▶ _REQUIRED WORK_
Skip the pictures and repeat each line of the data exactly.

** Opening SOURCE DATA block **

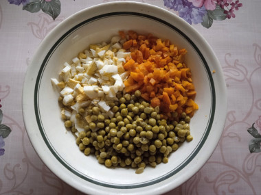 Мне очень понравился салат с морковью горошком и яйцом. Решила готовить, все продукты есть. Сразу увеличила количество ингредиентов. Консервированный зелёный горошек взяла для салата домашнего приготовления. Отварила домашние яйца вкрутую. Вместо сырой моркови захотелось добавить в салат варёную морковку. Поэтому я отварила морковь до полной готовности. Взяла карликовую морковь, она более сладкая и сочная. Остывшие яйца и морковь почистила и нарезала небольшими кубиками. Пропустила через пресс головку чеснока, мы очень любим чесночок) Добавила горошек и майонез 67%. Зелень я не клала, я про нее просто забыла)
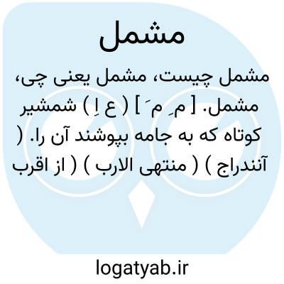 مشمل. [ م ِ م َ ] ( ع اِ ) شمشیر کوتاه که به جامه بپوشند آن را. ( آنندراج ) ( منتهی الارب ) ( از اقرب الموارد ). شمشیر بران. ج، مشامل. ( مهذب الأسماء ). دشنه. قمه. ( یادداشت مؤلف ). || نوعی از چادر که بر خود پیچند. ( منتهی الارب ) ( آنندراج ) ( ناظم الاطباء ). و رجوع به مشمال شود.
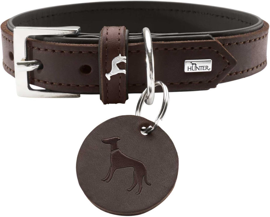 HUNTER LARVIK Hundehalsband, Leder, schlicht, elegant, komfortabel, 60 (M-L), dunkelbraun/schwarz du

** Closing SOURCE DATA block **

▶ _ANSWER TO THE PROBLEM_
 Мне очень понравился салат с морковью горошком и яйцом. Решила готовить, все продукты есть. Сразу увеличила количество ингредиентов. Консервированный зелёный горошек взяла для салата домашнего приготовления. Отварила домашние яйца вкрутую. Вместо сырой моркови захотелось добавить в салат варёную морковку. Поэтому я отварила морковь до полной готовности. Взяла карликовую морковь, она более сладкая и сочная. Остывшие яйца и морковь почистила и нарезала небольшими кубиками. Пропустила через пресс головку чеснока, мы очень любим чесночок) Добавила горошек и майонез 67%. Зелень я не клала, я про нее просто забыла)
 مشمل. [ م ِ م َ ] ( ع اِ ) شمشیر کوتاه که به جامه بپوشند آن را. ( آنندراج ) ( منتهی الارب ) ( از اقرب الموارد ). شمشیر بران. ج، مشامل. ( مهذب الأسماء ). دشنه. قمه. ( یادداشت مؤلف ). || نوعی از چادر که بر خود پیچند. ( منتهی الارب ) ( آنندراج ) ( ناظم الاطباء ). و رجوع به مشمال شود.
 HUNTER LARVIK Hundehalsband, Leder, schlicht, elegant, komfortabel, 60 (M-L), dunkelbraun/schwarz du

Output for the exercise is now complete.